Tim Lambert linked some prewar Iraq War casualty predictions collected by John Hawkins in early 2003:

If we go into Iraq, how many casualties do you expect to see (on the side of the US and our allies)

John Hawkins: “Probably 300 or less”
Charles Johnson:“Very few”
Henry Hanks: “Less than 200”
Laurence Simon: “A Few hundred”
Rachael Lucas: “Less than three thousand”
Scott Ott: “Dozens”
Glenn Reynolds: “Fewer than 100”
Tim Blair: “Below 50”
Ken Layne: “a few hundred”
Steven Den Beste: “50-150”

Fester and Hilzoy have passed these on as well.  Good fun is had by all.

Having begun blogging only at the end of January 2003, I wasn’t surveyed.  I did, however, predict on February 24 that “victory in Iraq will be swift and relatively bloodless.”  I don’t recall whether I actually blogged my casualty predictions but my internal working estimate was the same as Hawkins’ – 300 or fewer American troops killed.  I figured, basically, that it would be “Desert Storm times two.”

We’re now at something like 4326 American troops dead.

Then again, I wasn’t counting on a multi-year occupation during which we fought against multiple insurgent groups while trying to democratize Iraq.  I presumed, as did Don Rumsfeld and others, that we would topple Saddam Hussein’s government, install an interim government, and elect a permanent government within some short period.

That’s the war I supported and still wish that’s what we’d done.

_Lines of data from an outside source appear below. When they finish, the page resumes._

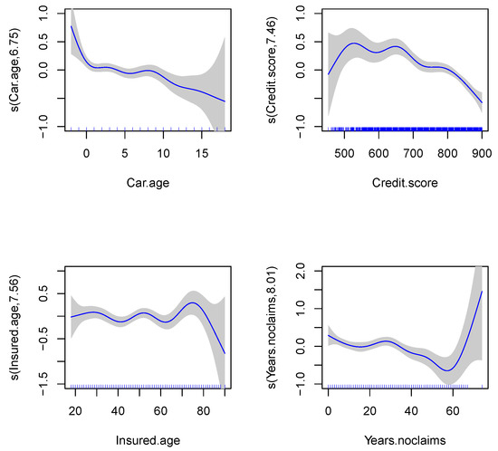 One of the key characteristics in GAM modelling is the additive component, which can be used to reflect if the impact from such a variable is significant and if the functional relationship is significantly non-linear. We display the relevant results in Table 5 to explore this. In Table 5, the effective degree of freedom for all additive components is greater than one, and they are all statistically significant, indicating a non-linearity of each additive component. So, we further investigate the functional patterns for each numerical risk factor. Figure 7 displays the functional pattern of Car Age, Credit Scores, Insured Age, and Year of no Claims, respectively. They are the four smooth terms included in the GAM for predicting claims. The results show that the sampling errors become much larger for the groups with fewer risk exposures. This leads to the confidence intervals being much wider for those groups. With the increase in the Car Age, the effect on the claim amounts decreases. From the functional pattern of the Car Age, we see that the new car has a much greater impact on the claim amounts. The general functional pattern of Credit Scores decreases with the increase in scores, implying that a driver with higher Credit Scores seems to represent a greater risk. Additionally, it is interesting that the pattern is periodic, with a frequency of approximately 20. After 80 years old, the claim amounts’ impact continues to be negative. As for Years of no Claims, the trend appears to decrease with the increase in the number of Years of no Claims. After the number of Years of no claim reaches 60, the impact on claim amounts becomes positive.
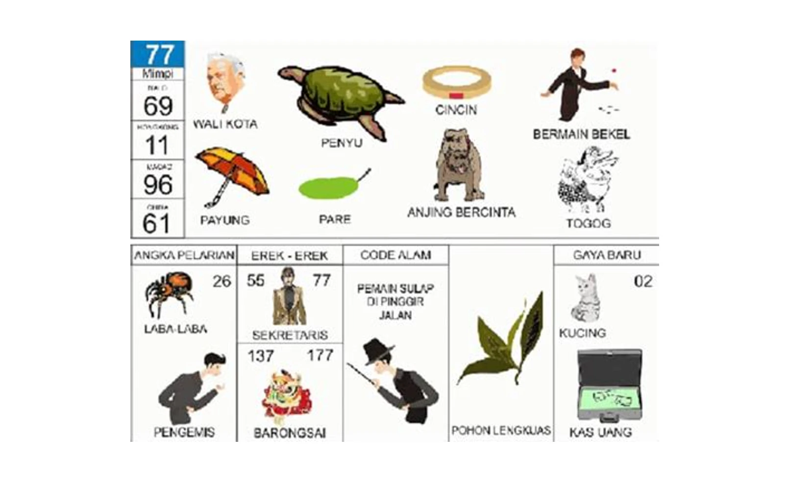 | Angka Keberuntungan | 02, 55, 77, 96 | Simbol datangnya rezeki dan cinta |
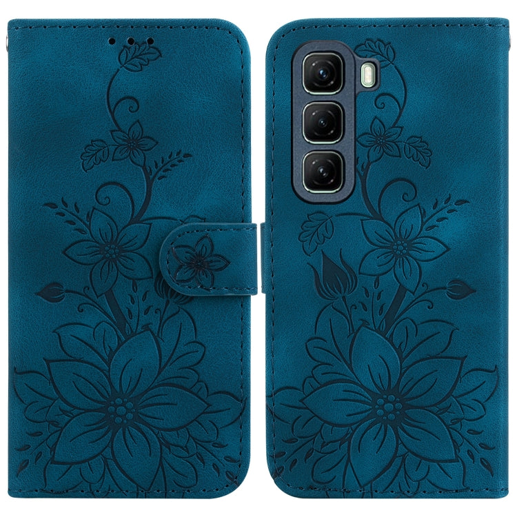 Funda de Cuero con Relieve de Lirio para Infinix Hot 50 5G (Azul Oscuro)
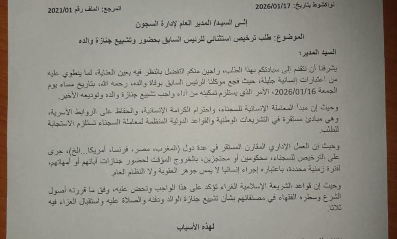 جاء ذلك في رسالة وجهها فريق الدفاع للإدارة العامة للسجون طالب فيها بترخيص استثنائي لولد عبد العزيز يتيح له حضور صلاة الجنازة على والده واستقبال التعازي لمدة ثلاثة أيام.
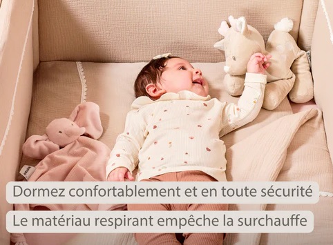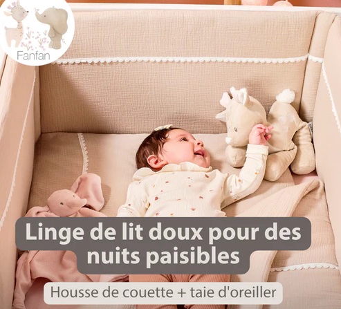 L’ensemble housse de couette et taie d’oreiller mousseline Fanfan Nattou associe élégance, douceur et légèreté, créant un véritable cocon de bien-être pour le sommeil de bébé.

________________________________________

Digressions:

1. The more interesting finding in Hawkins’ poll is this:

Will a human baby be cloned in 2003?

Yes: John Hawkins, Charles Johnson, Henry Hanks, Laurence Simon, Rachael Lucas, Scott Ott
No: Glenn Reynolds, Tim Blair, Ken Layne
N/A: Steven Den Beste

So far as I’m aware, none was cloned in 2003, 2004, 2005, 2006, 2007, 2008, or the first half of 2009.  It’s remarkable how excited people were at this prospect.

2.  OTB was a decidedly different blog in the early days.  Few of my posts in February 2003, my first real month of blogging, were as long as the Digressions section of this post.

Related Posts:

About James Joyner
James Joyner is the publisher of Outside the Beltway, an associate professor of security studies at the Marine Corps Command and Staff College, and a nonresident senior fellow at the Atlantic Council. He's a former Army officer and Desert Storm vet. He earned a PhD in political science from The University of Alabama. Views expressed here are his own. Follow James on Twitter.

Comments

  1. BJ says:

    I wasn’t counting on a multi-year occupation during which we fought against multiple insurgent groups while trying to democratize Iraq.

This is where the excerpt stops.